A pleasant surprise: My essay on ‘Antigone Across the Ages’ has been nominated for the 2012 3QD Arts and Literature Blog Prize. The full list of nominations is here. The field of 62 entries will be winnowed down to 20 by a public vote. The 20 then get narrowed to six by 3QD editors. And from the six the judge Gish Jen chooses the top three. So do vote for me (the nominations are in alphabetical order of blog name, so my essay on Antigone languishes half way  down the list under ‘Pandaemonium’). Voting is only open till 6 March. Last year my essay on ‘Rethinking the Idea of “Christian Europe”‘ won the 3QD Politics and Social Science prize. So, who knows?
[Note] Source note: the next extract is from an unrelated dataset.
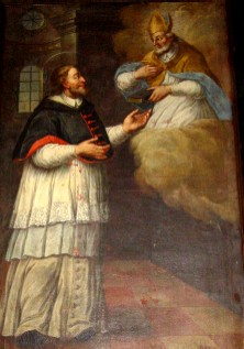 Saint Martin of Leon with Saint Isidore, who is appearing to him. Baroque painting.

THERE MAY BE NO HIGGS BOSON YET. BUT PANDAEMONIUM HAS BECOME TOP QUARK.

December 19, 2011 § 4 Comments

Or rather my post on ‘Rethinking the Idea of ‘Christian Europe’” has. It has won the 3QD 2011 Politics and Social Sciences Blog Prize. My thanks to Three Quarks Daily, to the judge Stephen M Walt and to all those who voted for the essay in the first round.  In a week in which David Cameron again insisted on the rootedness of British culture and values in the Christian tradition, it is heartening to have won with an essay such as this. Congratulations, too, to David Graeber and Corey Robin, whose essays On the Origin of Money and Revolutionaries of the Right: The Deep Roots of Conservative Radicalism, respectively, were also 3QD winners.  Finally a word about Three Quarks Daily:  it is an indispensible site, the first one I look for every morning, a wonderful guide to some of the best and most original writing on the web. If it does not already nestle among your bookmarks, it should.

SOMETHING ELSE TO NUDGE

December 5, 2011 Comments Off

My essay on ‘Rethinking the Idea of “Christian Europe”‘ - the original post, not the subsequent New Humanist article - is in the running for the 3 Quarks Daily Politics and Social Science Prize (the full list of nominations is here). Over the next week 3QD readers can vote for their favourite post, reducing the field to 20. 3QD editors will then pick out their favourite six, from which this year’s judge, Stephen M Walt, will choose the top three. So go on, vote for my essay.  The nominated posts are in alphabetical order and ‘Rethinking the Idea of “Christian Europe”‘ is #30 on the list. My thanks in advance.

GIVE IT A NUDGE

November 23, 2011 Comments Off

My essay on ‘The Myths of Christian Europe’ has made it on to the leaderboard for The Browser’s best articles of October. But, there, it is currently languishing in mid-table, the West Brom of blog posts.

So, go on, vote for it, give it a nudge, propel it up the table. You might even perform an authentic miracle, turning West Brom into Man City.